The Washington Post and NBC's "Today" show both took out of context a statement Defense Secretary Donald Rumsfeld made to a soldier at a town hall meeting in Kuwait on December 8.
The out-of-context comment made Rumsfeld seem callous about inadequate armor on the vehicles U.S. forces are taking into Iraq.
According to an NBC News transcript, here's how Katie Couric presented Rumsfeld's remarks on December 9 while interviewing retired Gen. Tommy Franks:
Couric: . . .we're going to roll what he [a soldier] had to say, and-and listen to what Secretary Rums-how Secretary Rumsfeld . . .
Gen. Franks: Right.
Couric: . . . responded.
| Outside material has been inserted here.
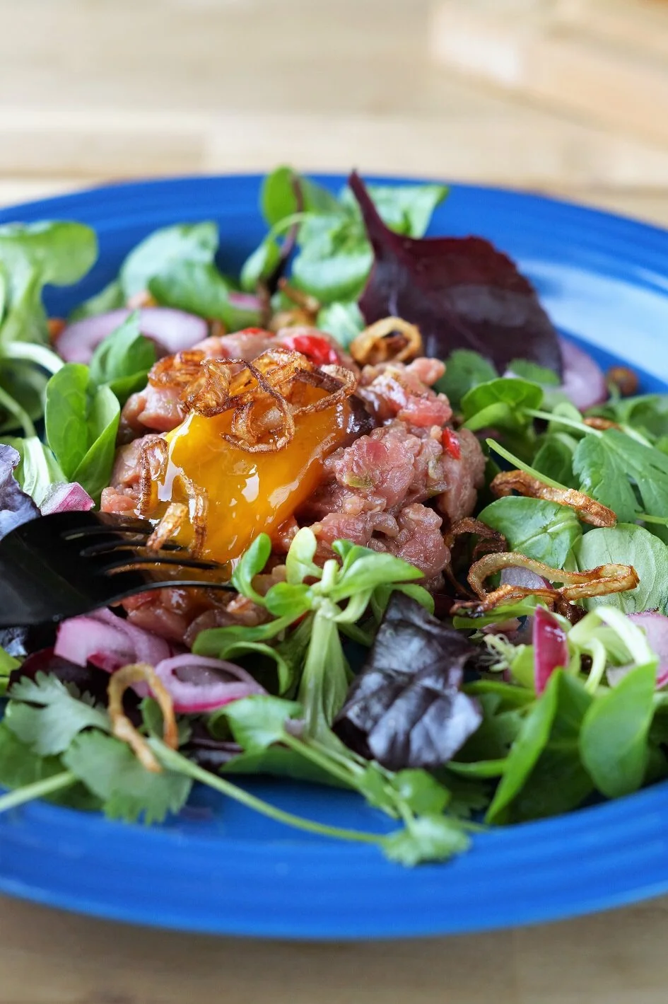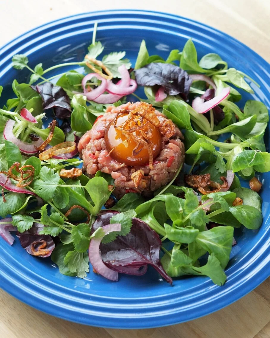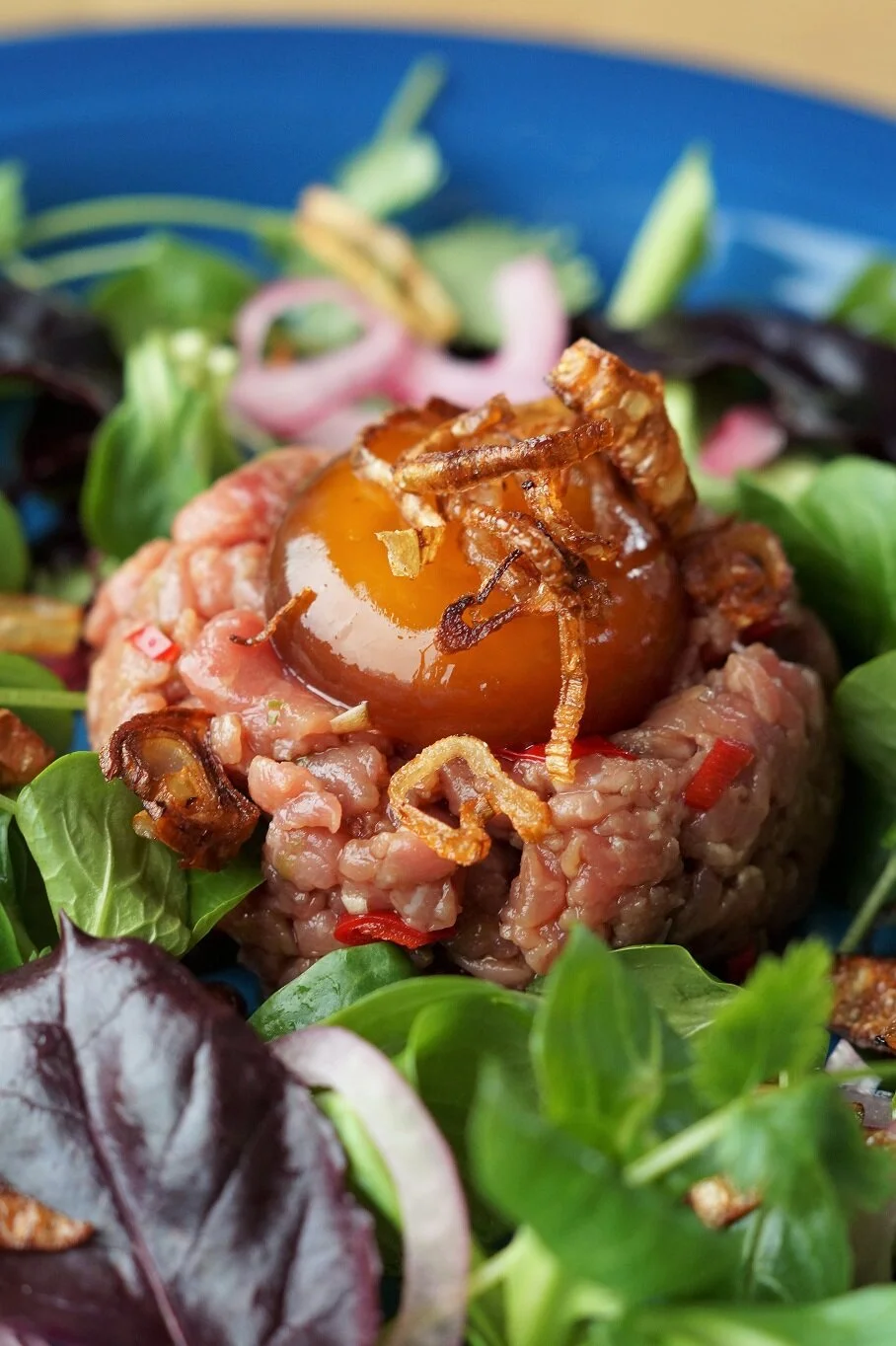 Dette er en asiatisk variant av klassikeren råbiff. Utgangspunktet er det samme: kjøtt av god kvalitet - finskåret eller malt, som serveres med rå eggeplomme. Jeg marinerte min eggeplomme i soya over natten. Soyaen trekker inn i eggeplommen, og gjør den fastere i konsistensen og så klart salt og god.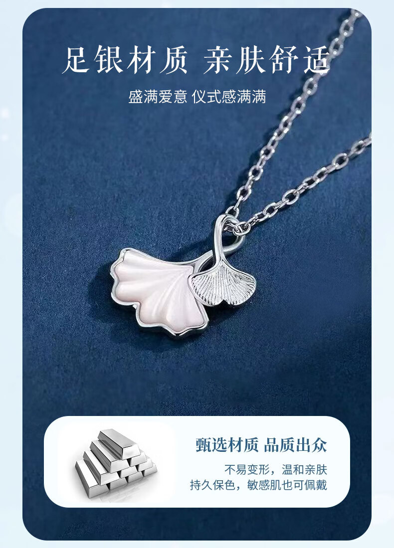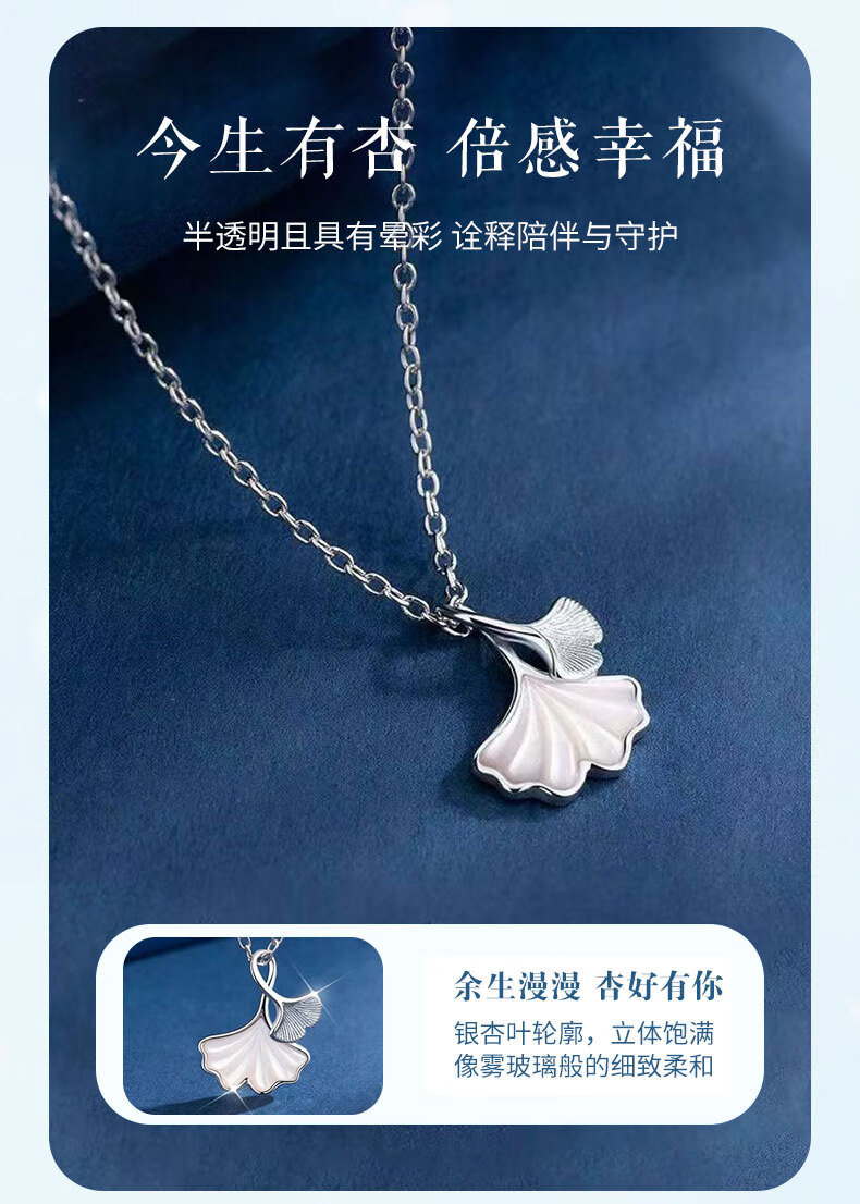 CHINA GOLD Three Lives Apricot Foot Silver Necklace for Women Women's Ginkgo Leaf Pendant Light Luxury Niche Valentine's Day Birthday Gift for Girlfriend and Lover Today/Next Day Delivery Three Lives Apricot Necklace

Let's listen.
Specialist Thomas Wilson: Now why do we soldiers have to dig through local landfills for pieces of scrap metal and compromised ballistic glass to up-armor our vehicles? And why don't we have those resources readily available to us? [Soldiers applauding]
Mr. Donald Rumsfeld (Secretary of Defense): As you know, you go to war with the army you have, not the army you might want or wish to have at a later time.
Similarly, in a front page December 9 story, The Washington Post jumped directly from the soldier's saying, "We do not have proper . . . vehicles to carry with us north," to Rumsfeld's responding with the remark quoted above by NBC. But a Pentagon transcript puts Rumsfeld's statement in a different context. When the soldier completed his question with, "We do not have proper armament vehicles to carry with us north," Rumsfeld said:
- "I talked to the General coming out here about the pace at which the vehicles are being armored. They have been brought from all over the world, wherever they're not needed, to a place where they are needed. I'm told that they are being-the Army is-I think it's something like 400 a month are being done. And it's essentially a matter of physics. It isn't a matter of money. It isn't a matter on the part of the Army of desire. It's a matter of production capability of doing it. As you know, you go to war with the Army you have. They're not the Army you might want or wish to have at a later time. . . ."
There were more than 90 well-considered words in Rumsfeld's response before he got to the little snippet presented by Couric and the Post.